## What you will do
Further down are entries; set down exactly and only the lines from the one with "سجل أهداف برشلونة" up to and including the one with "患者刘继录赠送电子锦旗感谢骨", dropping each picture.

## Data to process
□ □ □ □ □ □ □
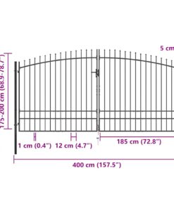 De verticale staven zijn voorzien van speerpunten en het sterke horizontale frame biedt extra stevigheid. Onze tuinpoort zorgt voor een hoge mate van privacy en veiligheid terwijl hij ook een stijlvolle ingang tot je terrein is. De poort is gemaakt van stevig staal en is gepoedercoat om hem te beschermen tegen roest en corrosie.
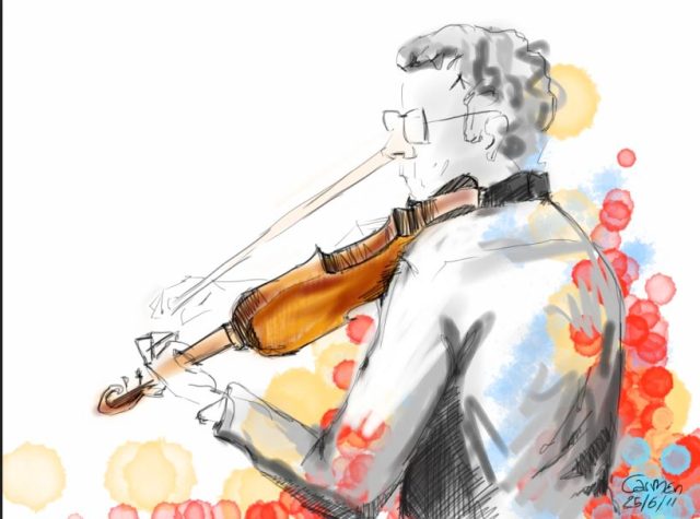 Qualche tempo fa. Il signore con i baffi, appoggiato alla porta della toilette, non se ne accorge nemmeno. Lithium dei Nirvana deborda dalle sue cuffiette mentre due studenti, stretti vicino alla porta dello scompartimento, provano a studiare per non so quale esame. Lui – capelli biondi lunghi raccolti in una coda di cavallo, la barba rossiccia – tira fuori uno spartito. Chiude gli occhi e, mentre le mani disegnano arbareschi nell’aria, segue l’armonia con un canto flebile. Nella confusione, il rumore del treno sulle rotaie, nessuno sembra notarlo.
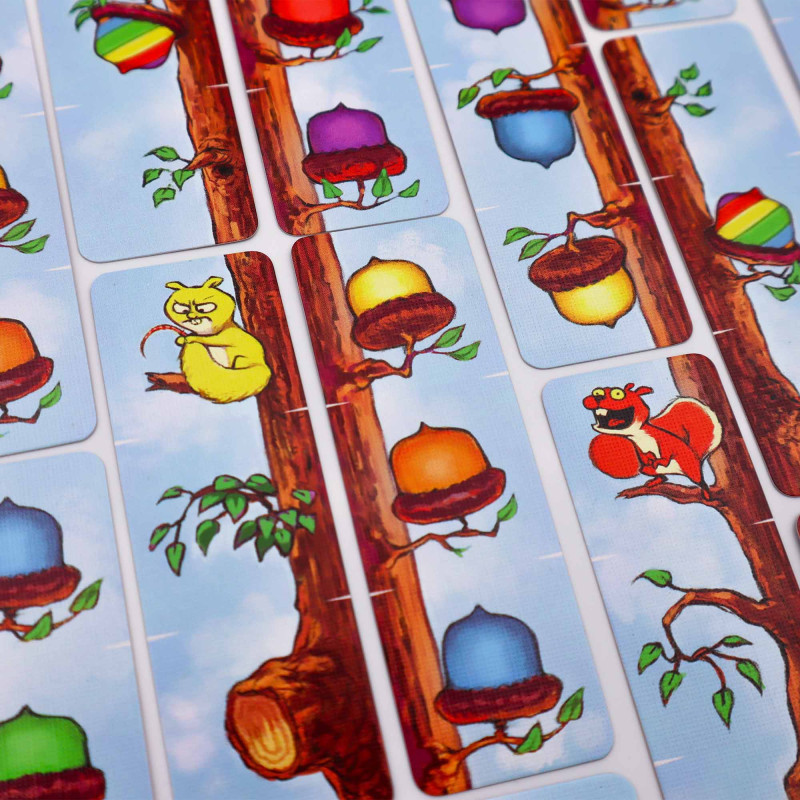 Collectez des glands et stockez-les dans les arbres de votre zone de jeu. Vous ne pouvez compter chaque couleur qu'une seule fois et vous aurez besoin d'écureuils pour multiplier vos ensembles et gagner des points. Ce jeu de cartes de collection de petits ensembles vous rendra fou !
□ □ □ □ □ □ □
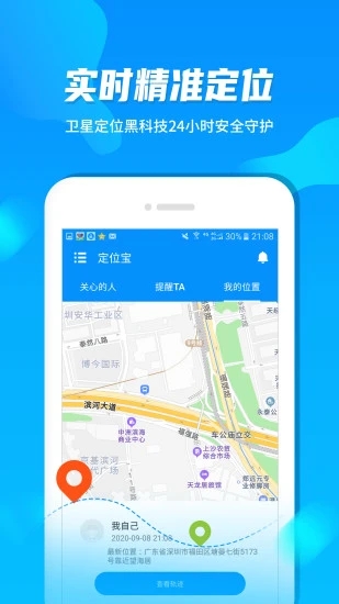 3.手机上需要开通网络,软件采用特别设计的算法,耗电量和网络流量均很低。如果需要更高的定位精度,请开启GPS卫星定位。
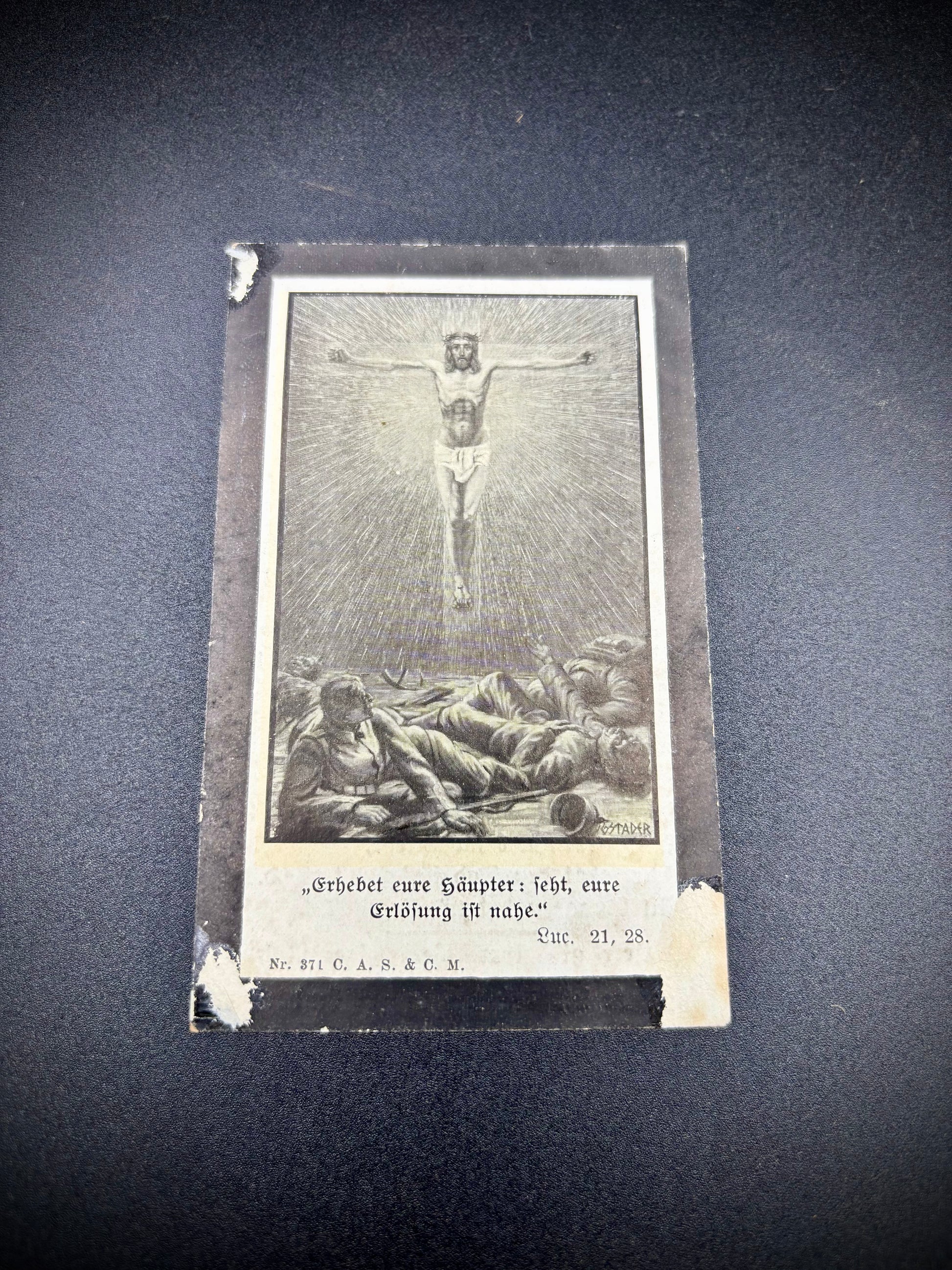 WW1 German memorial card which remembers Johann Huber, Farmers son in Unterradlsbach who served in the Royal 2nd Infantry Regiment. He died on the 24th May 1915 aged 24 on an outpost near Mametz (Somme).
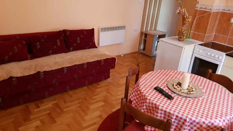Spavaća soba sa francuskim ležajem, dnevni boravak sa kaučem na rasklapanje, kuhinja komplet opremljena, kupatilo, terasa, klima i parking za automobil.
□ □ □ □ □ □ □
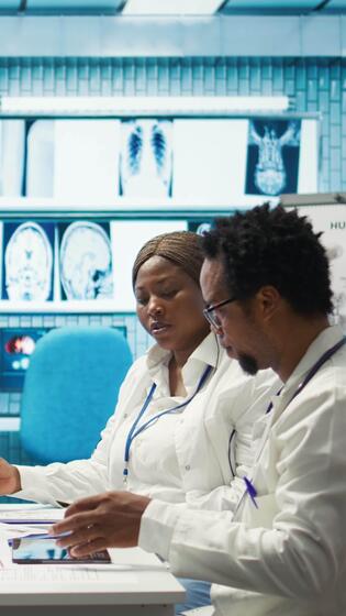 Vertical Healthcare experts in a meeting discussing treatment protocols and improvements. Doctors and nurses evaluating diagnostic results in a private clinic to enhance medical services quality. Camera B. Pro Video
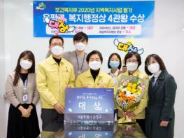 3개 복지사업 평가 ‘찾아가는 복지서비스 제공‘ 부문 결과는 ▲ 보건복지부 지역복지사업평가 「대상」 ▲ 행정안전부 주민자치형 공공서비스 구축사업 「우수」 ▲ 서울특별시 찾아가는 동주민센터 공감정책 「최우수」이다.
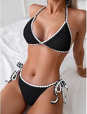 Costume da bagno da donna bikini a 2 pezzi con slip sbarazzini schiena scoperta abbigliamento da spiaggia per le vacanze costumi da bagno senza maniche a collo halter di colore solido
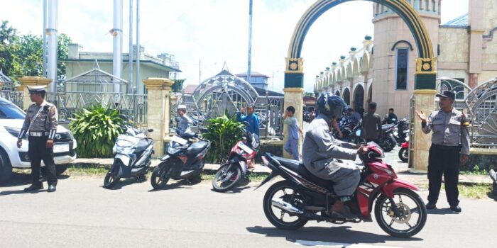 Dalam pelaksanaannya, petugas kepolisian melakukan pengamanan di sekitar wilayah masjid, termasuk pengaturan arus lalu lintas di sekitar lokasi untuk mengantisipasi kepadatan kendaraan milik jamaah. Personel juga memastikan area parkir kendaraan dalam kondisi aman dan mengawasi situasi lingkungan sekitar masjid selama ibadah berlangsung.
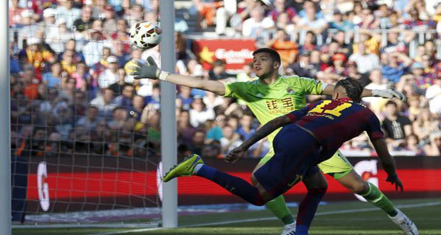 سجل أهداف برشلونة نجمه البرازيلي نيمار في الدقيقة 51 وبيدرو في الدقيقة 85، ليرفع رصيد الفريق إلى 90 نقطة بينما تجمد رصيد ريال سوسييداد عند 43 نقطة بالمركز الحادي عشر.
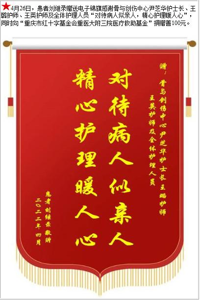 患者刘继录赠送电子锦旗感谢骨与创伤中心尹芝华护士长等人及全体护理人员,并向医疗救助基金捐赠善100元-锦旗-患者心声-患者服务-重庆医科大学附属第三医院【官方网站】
□ □ □ □ □ □ □
## Result for this task
 سجل أهداف برشلونة نجمه البرازيلي نيمار في الدقيقة 51 وبيدرو في الدقيقة 85، ليرفع رصيد الفريق إلى 90 نقطة بينما تجمد رصيد ريال سوسييداد عند 43 نقطة بالمركز الحادي عشر.
 患者刘继录赠送电子锦旗感谢骨与创伤中心尹芝华护士长等人及全体护理人员,并向医疗救助基金捐赠善100元-锦旗-患者心声-患者服务-重庆医科大学附属第三医院【官方网站】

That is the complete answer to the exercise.